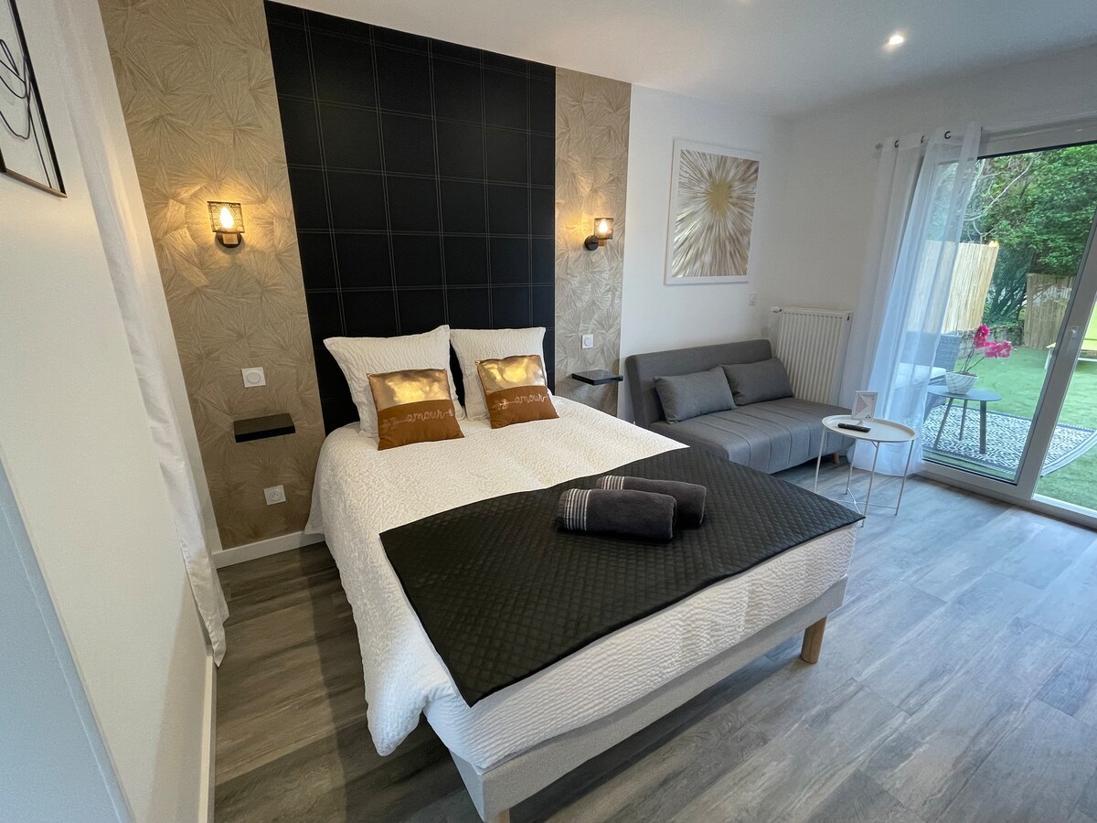 Estudio independiente nuevo con aseo separado, cuarto de ducha, pequeña cocina equipada, cama doble, sofá cama para 1 o 2 niños solamente, y jardín privado con muebles de exterior, sofá, tumbonas y mesa con sillas. Aparcamiento privado gratuito , entrada del estudio y en la propiedad cerrada con puerta motorizada con código digital. Llegada y acceso libre con código digital para el portal y caja de llaves segura para el alojamiento. Tranquilo, cerca del centro de Chambéry.
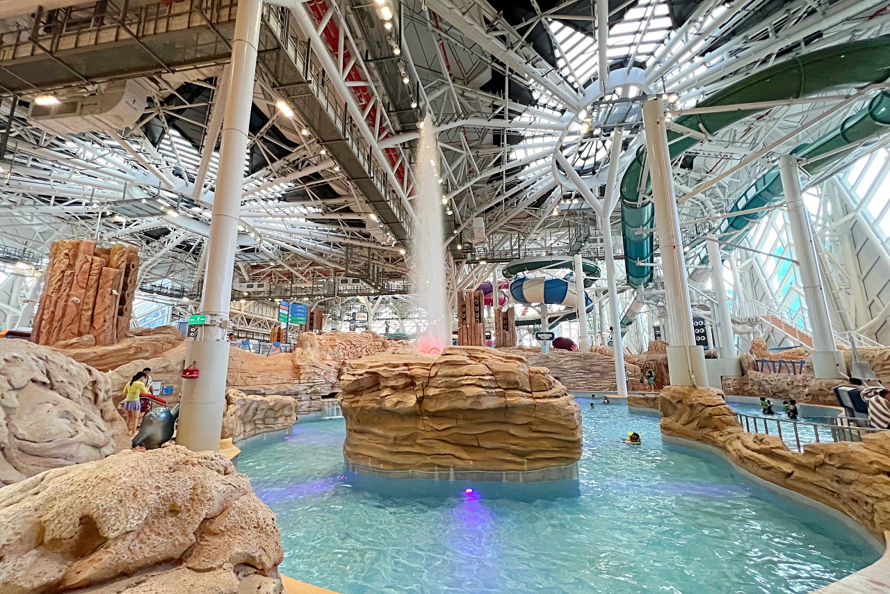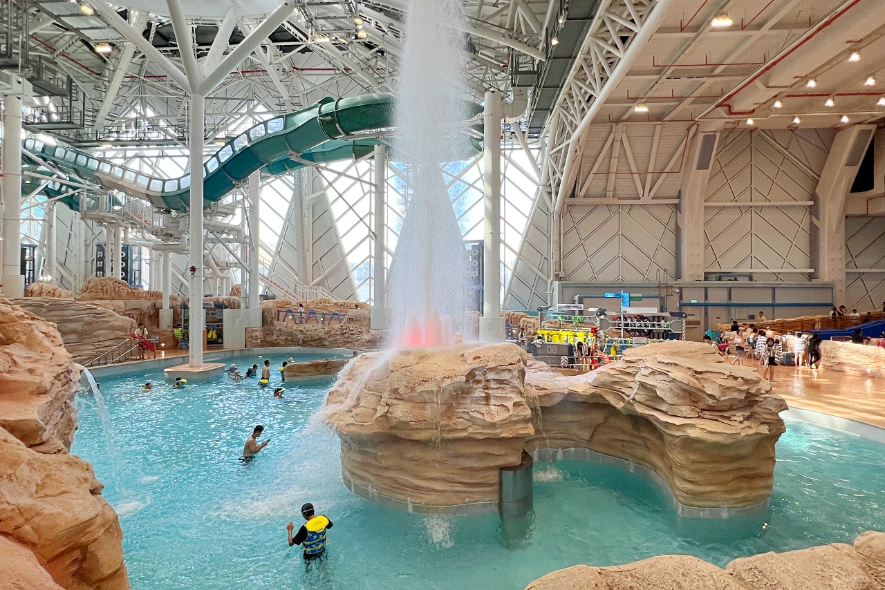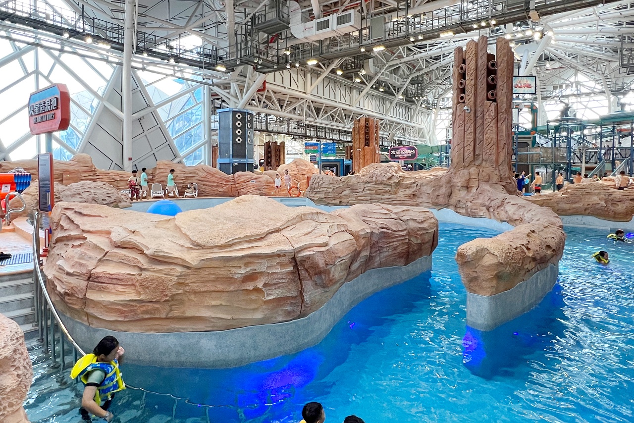 噴泉在岩石上噴發而出,打造出翻騰的浪花,在這個巨大的水池裡盡情的享受水裡的透心涼,小朋也也很適合玩喔。
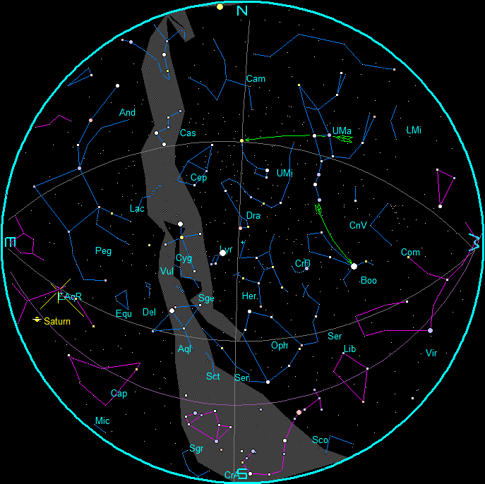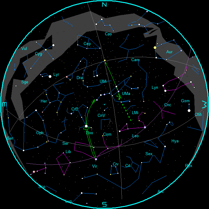 The merry month of May starts tomorrow. Daylight hours in the Interlochen/Traverse City area will increase from 14 hours and 16 minutes tomorrow to 15 hours 20 minutes on the 31st. The altitude, or angle, of the Sun above the southern horizon at local noon will ascend from 60 degrees tomorrow to 67 degrees at month’s end. The altitude of the Sun in the Straits area will be a degree lower than that, but the daylight hours will be a few minutes longer. The evening sky in May is devoid of the Milky Way which nearly rings the horizon, so during this time we are looking out the thin side of the Milky Way towards intergalactic space. There is the Virgo cluster of galaxies, some of which are visible in decent size amateur telescopes.

──────────────────────────────

- [YOUR GOAL]
Exactly as they stand, set down the lines from the start of the material through the line with "噴泉在岩石上噴發而出,打造出", both ends included, omitting the pictures.

- [ANSWER FOR THE TASK]
 Estudio independiente nuevo con aseo separado, cuarto de ducha, pequeña cocina equipada, cama doble, sofá cama para 1 o 2 niños solamente, y jardín privado con muebles de exterior, sofá, tumbonas y mesa con sillas. Aparcamiento privado gratuito , entrada del estudio y en la propiedad cerrada con puerta motorizada con código digital. Llegada y acceso libre con código digital para el portal y caja de llaves segura para el alojamiento. Tranquilo, cerca del centro de Chambéry.
 噴泉在岩石上噴發而出,打造出翻騰的浪花,在這個巨大的水池裡盡情的享受水裡的透心涼,小朋也也很適合玩喔。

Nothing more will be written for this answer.